Mortality and morbidity
In OR, the overall 30-day mortality rate was 3.9% (n=4; Table 4). Median ventilation time, intensive care unit (ICU) stay, and hospital stay were 12 (IQR, 4–1,128) hours, 4.5 (IQR, 2–53) days, and 24 (IQR, 4–245) days, respectively. Eventually, six patients (5.9%) developed SCI; paraplegia occurred in three (2.9%) patients and paraparesis also occurred in three (2.9%) patients (Table 4). There were no significant differences between reconstruction or non-reconstruction of the AKA in the patients whose AKA was located at the operative site [6.8% (4/59) vs. 4.3% (1/23), P=1.000]. In multivariate analyses of the OR group, no independent risk factors for SCI were identified.
Table 4
| Variables | All (n=256), n (%) | OR (n=102), n (%) | EVR (n=154), n (%) |
|---|---|---|---|
| 30-day mortality | 7 (2.7) | 4 (3.9) | 3 (1.9) |
| Postoperative ECMO support | 12 (4.7) | 11 (10.8) | 1 (0.6)* |
| Complications | |||
| Stroke | 2 (0.8) | 0 (0) | 2 (1.3) |
| Spinal cord injury | 16 (6.3) | 6 (5.9) | 10 (6.5) |
| Paraplegia | 5 (2.0) | 3 (2.9) | 2 (1.3) |
| Paraparesis | 11 (4.3) | 3 (2.9) | 8 (5.2) |
| AKD (Cr ≥2.0 mg/dL) | 42 (16.4) | 19 (18.6) | 23 (14.9) |
| CHDF | 11 (4.3) | 6 (5.9) | 5 (3.2) |
| Coronary event | 1 (0.4) | 1 (1.0) | 0 (0) |
| Pneumonia | 7 (2.7) | 5 (4.9) | 2 (1.3) |
| Prolonged ventilation (≥72 h) | 14 (5.5) | 10 (9.8) | 4 (2.6) |
*, the patient converted to open repair. OR, open repair; EVR, endovascular repair; ECMO, extracorporeal membrane oxygenation; AKD, acute kidney disease; Cr, creatinine value; CHDF, continuous hemodiafiltration.

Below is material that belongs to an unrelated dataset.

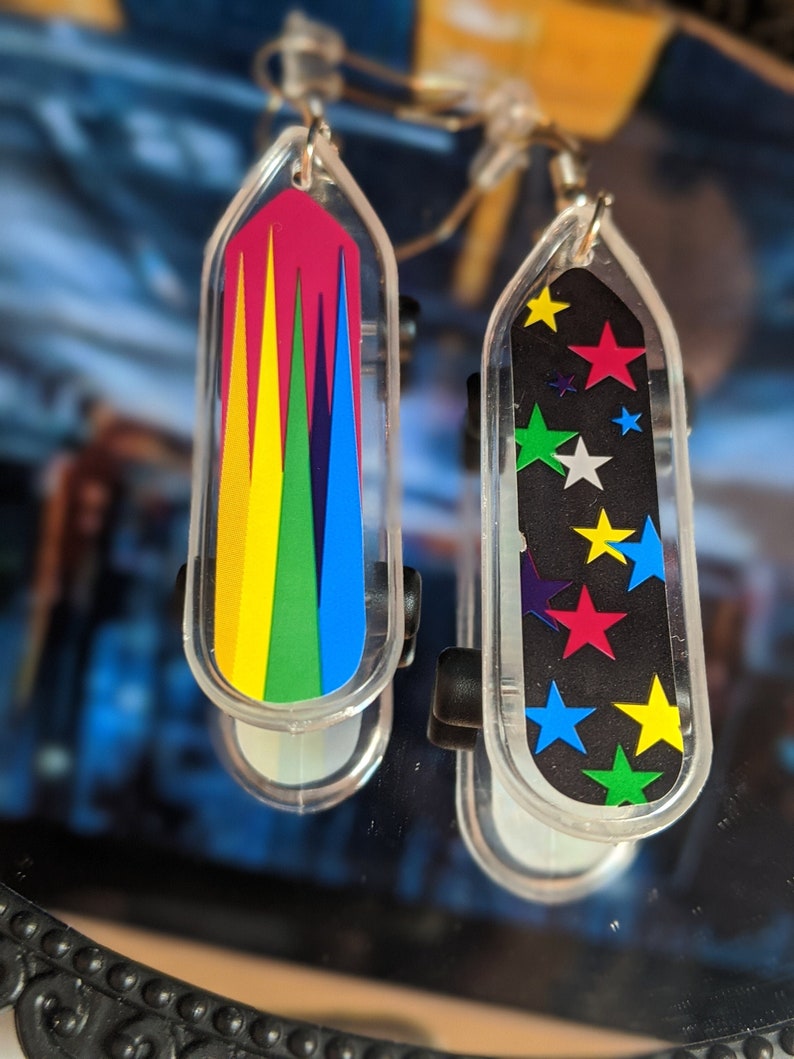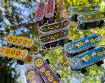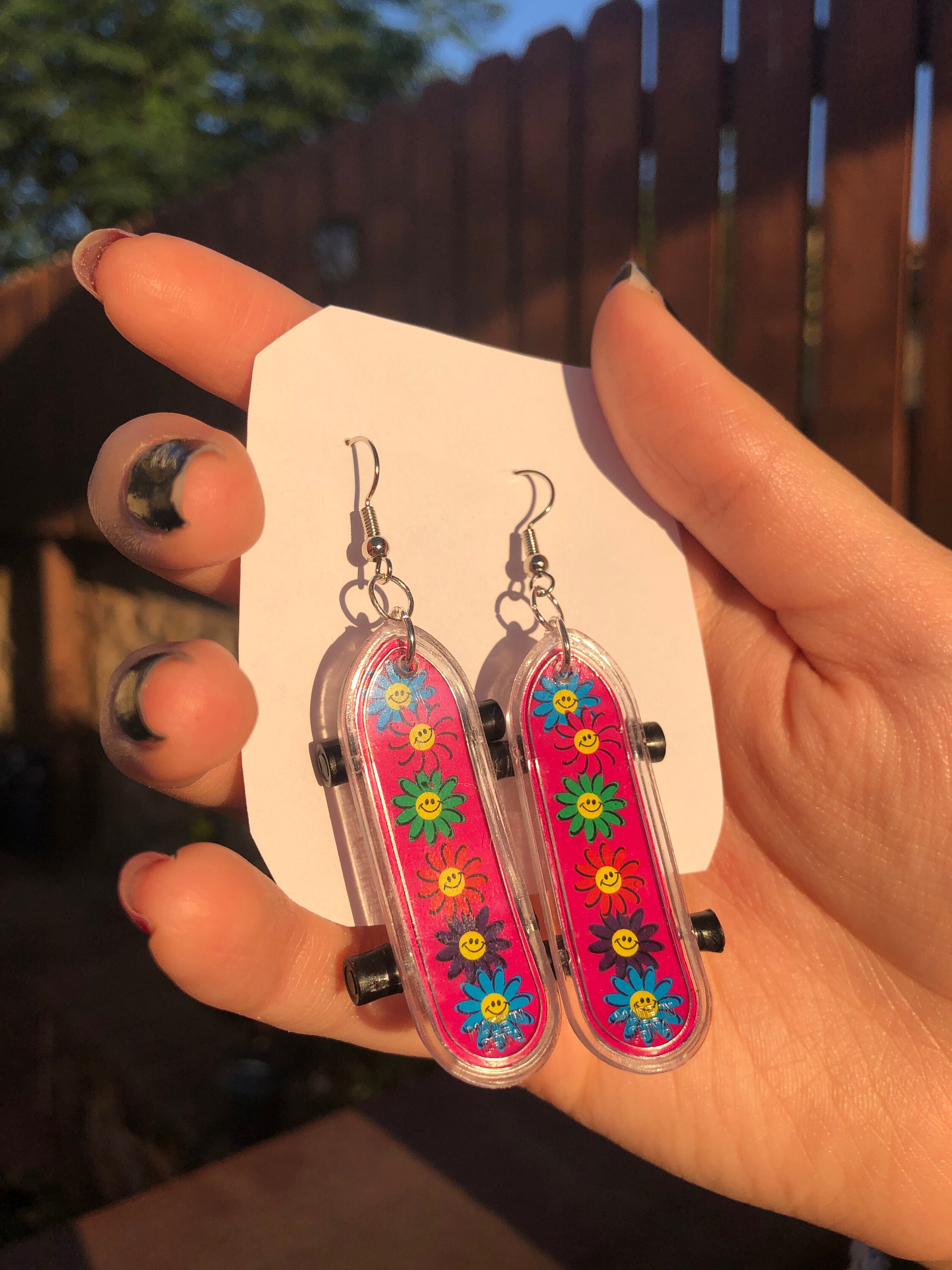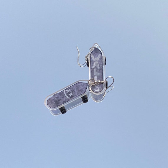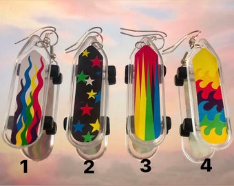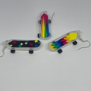 Mini skateboard earrings. Adorable tiny plastic skateboard earrings. Shop Clear Skateboard Drop Earrings at ROMWE discover more fashion styles online. Theyll go great with any outfit you can even wear them to a wedding.

In EVR, the overall 30-day mortality rate was 1.9% (n=3). Two (1.3%) patients developed stroke. Ten (6.5%) patients developed SCI; paraplegia occurred in two (1.3%) patients and paraparesis occurred in eight (5.2%) patients. The incidence of SCI was significantly higher in patients with the AKA covered, than in those without the AKA covered [13.8% (9 of 65) vs. 1.1% (1 of 89); P=0.002].
Discussion
Intraoperative identification and reimplantation of the responsible segmental arteries is a promising strategy for maintaining the spinal cord blood supply and may minimize the risk of SCI (4). However, in terms of AKA detection, the AKA was identified in 91.6% (86/96 in OR and 121/130 in EVR) of cases overall, and as in the Japanese multicenter study, the AKA was not clearly identified in around 10.0% of cases (4). Furthermore, the etiology of SCI is multifactorial, including reduced systemic or distal aortic perfusion, less reconstruction of the ICAs, embolism of the ICAs responsible for spinal cord circulation, edema of the spinal cord, and others (4). For those reasons, moderate to deep hypothermia with total CPB reduces oxygen consumption and protects the central nervous system (CNS), heart, and abdominal organs, with several previous reports having shown that moderate to deep hypothermia with total CPB has the advantage of spinal cord protection (4,9,10). Therefore, such integrated approaches to preoperative identification and reimplantation/preservation of the responsible segmental arteries do not always succeed in eliminating SCI (11).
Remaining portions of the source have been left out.